But in retrospect, with a day to process thoughts and feelings:
Im really angry that the head cop told us it was okay to go by saying that “it was just some delusional parent making another fslse report”. I cant believe we all just went on for the rest of the event like it didn’t happen, and people seemed to buy the idea that of couse it wasnt real because it couldn’t happen here.
I dont want to live in fear (and i really have chosen not to, in the face of fears), but I also dont know how to cope with this willful oblivion.
Anon
It wasn’t real. Not because it “couldn’t happen there;” it wasn’t real because It. Wasn’t. Real.
Be thankful that it was someone seeking attention via false reports and not violence.
Anonymous
If you are in the US, remember that mental health care is woefully inadequate. Think of the kind of person who is horrifically demanding, accusatory, and cruel to a server at a restaurant. Now imagine that those aspects of a person’s personality have been augmented by untreated mental illness and troubled coping mechanisms. Now imagine that they behave this way so frequently that it’s held them back in life because no one wants to deal with them. They may not be eating out at restaurants much, but they still have access to librarians, police, nurses, etc., to yell at and demand things from. Many professionals who work with the entirety of the public are in some stage of burn out. I believe that police officer was entirely inappropriate to make a remark about a delusional parent. I have no reason to believe the parent who called in was delusional. But I’m confident that there are people who see something on TV, obsess over it, and harass the police about it because they are addicted to this and have to harass somebody about something.
Anonymous
Huh? It wasn’t willful oblivion at all.

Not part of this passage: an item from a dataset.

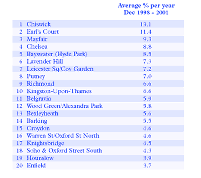 The figures were revealed in a report by property consultant Donaldson's which highlighted how areas like Chiswick are catching up with the West End in terms of cost.
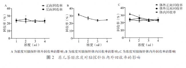 探針回收率可用正、反透析法來測定。其中正透析法可以說明探針的真實(shí)回收率,反透析法則可顯示體內(nèi)回收率與真實(shí)回收率的統(tǒng)一性。研究選擇正透析和反透析2 種實(shí)驗(yàn)方法來探究流速、濃度和探針穩(wěn)定性對大鼠腦微透析探針體內(nèi)外回收率的影響。

The cops responded, everyone handled it well, it was clearly a false report and they told you so.
Anon
It sounds like they investigated it and it truly wasn’t real. False reporting stuff is pretty common and statistically is more likely. Didn’t everyone’s high school occasionally receive bomb threats?
Anonymous
Some of my friends blew up a toilet one year.
Skipper
This disclosure re: toilets is quite possibly my favorite comment on the history of this site.
Belle Boyd
LOL! I’ve got some really good stories along the same lines, but I’m not so sure the statute of limitations have run out yet!
Anonymous
Reading between the lines, it sounds like you were really shaken by this whole thing, and that intensity and fear is now fueling some outrage that everyone else is seeming to carry on like normal.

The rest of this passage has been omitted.